=== Data to process ===

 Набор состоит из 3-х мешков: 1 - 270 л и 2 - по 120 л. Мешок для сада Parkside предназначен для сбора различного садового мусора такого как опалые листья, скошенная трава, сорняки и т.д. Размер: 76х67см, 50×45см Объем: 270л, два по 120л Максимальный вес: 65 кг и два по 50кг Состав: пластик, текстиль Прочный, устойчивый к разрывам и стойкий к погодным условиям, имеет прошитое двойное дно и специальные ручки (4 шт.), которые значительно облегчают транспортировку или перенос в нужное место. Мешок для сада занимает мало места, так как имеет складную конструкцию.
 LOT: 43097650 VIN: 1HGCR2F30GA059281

===
=== Data to process ===

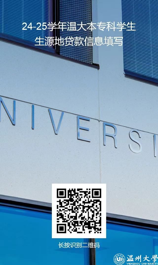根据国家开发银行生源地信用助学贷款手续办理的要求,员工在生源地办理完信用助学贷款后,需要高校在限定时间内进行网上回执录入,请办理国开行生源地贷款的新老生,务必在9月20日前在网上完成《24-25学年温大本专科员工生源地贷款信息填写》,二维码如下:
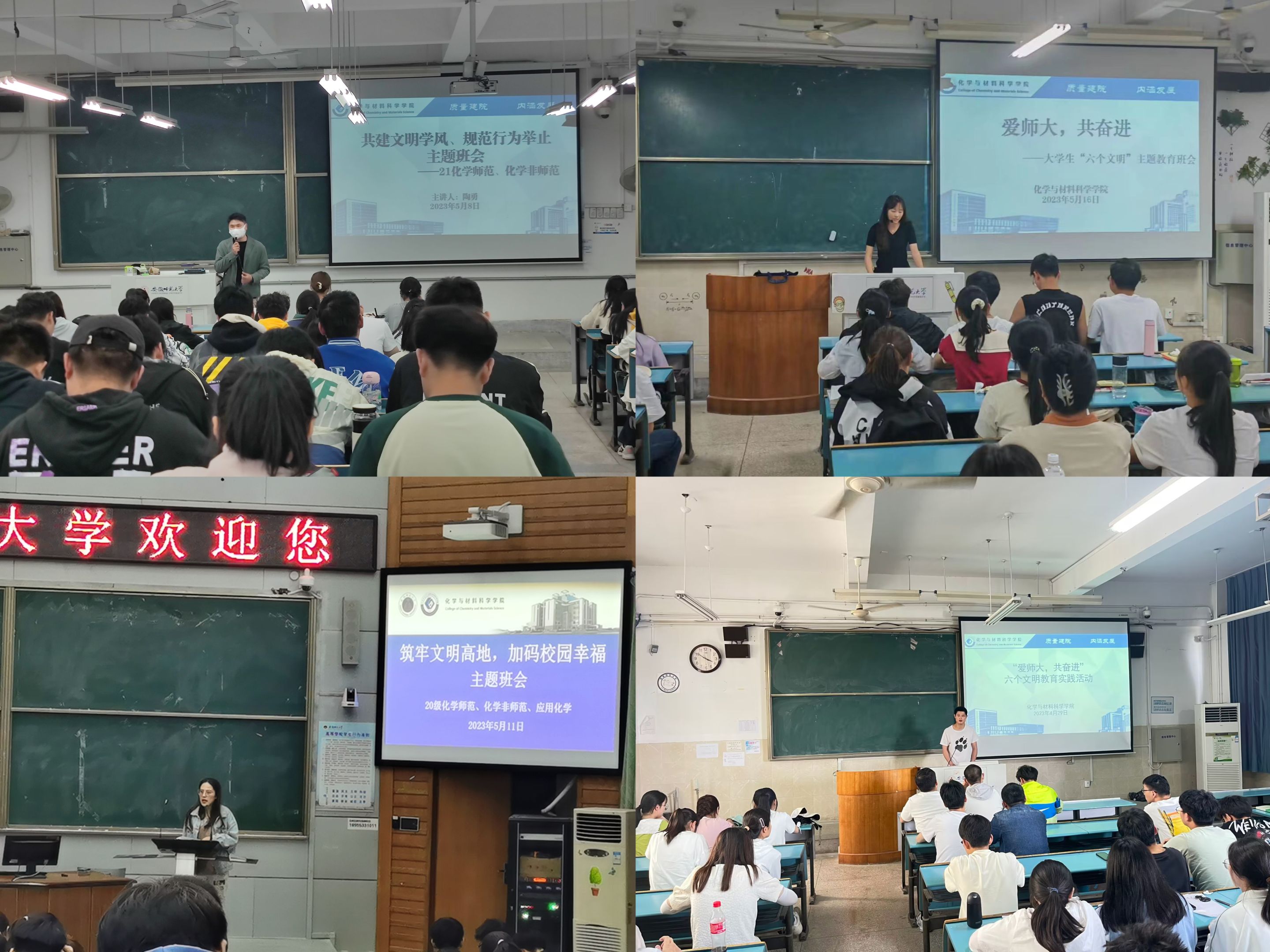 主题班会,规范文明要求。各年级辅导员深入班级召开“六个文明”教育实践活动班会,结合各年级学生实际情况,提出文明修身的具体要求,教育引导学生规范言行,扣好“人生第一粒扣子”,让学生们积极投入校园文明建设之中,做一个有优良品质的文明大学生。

===
=== Data to process ===

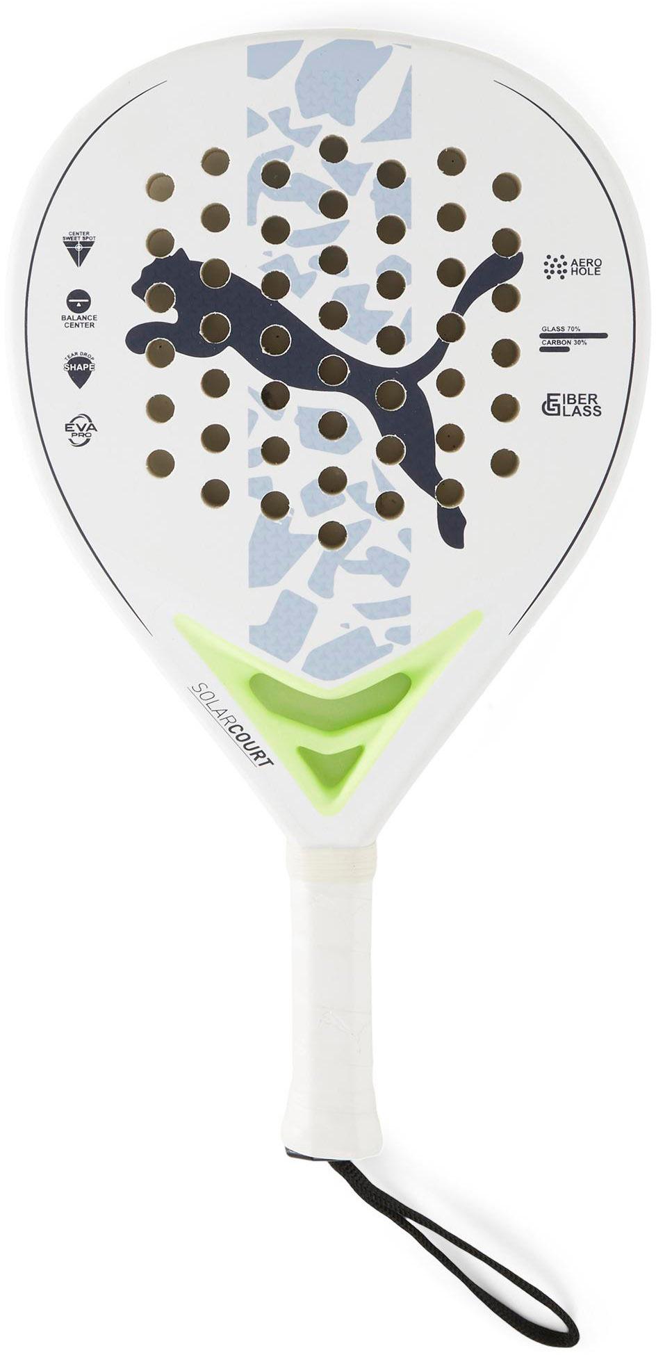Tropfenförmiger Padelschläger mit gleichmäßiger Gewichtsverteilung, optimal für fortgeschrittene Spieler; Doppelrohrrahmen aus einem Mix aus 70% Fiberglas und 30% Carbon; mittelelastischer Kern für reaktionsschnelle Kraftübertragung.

===

• **Work instructions**
Above are records with pictures. Reproduce exactly only the lines from the line with "根据国家开发银行生源地信用助" through the line with "主题班会,规范文明要求。各年", both ends included, and leave the pictures out.

• **Exercise answer**
根据国家开发银行生源地信用助学贷款手续办理的要求,员工在生源地办理完信用助学贷款后,需要高校在限定时间内进行网上回执录入,请办理国开行生源地贷款的新老生,务必在9月20日前在网上完成《24-25学年温大本专科员工生源地贷款信息填写》,二维码如下:
 主题班会,规范文明要求。各年级辅导员深入班级召开“六个文明”教育实践活动班会,结合各年级学生实际情况,提出文明修身的具体要求,教育引导学生规范言行,扣好“人生第一粒扣子”,让学生们积极投入校园文明建设之中,做一个有优良品质的文明大学生。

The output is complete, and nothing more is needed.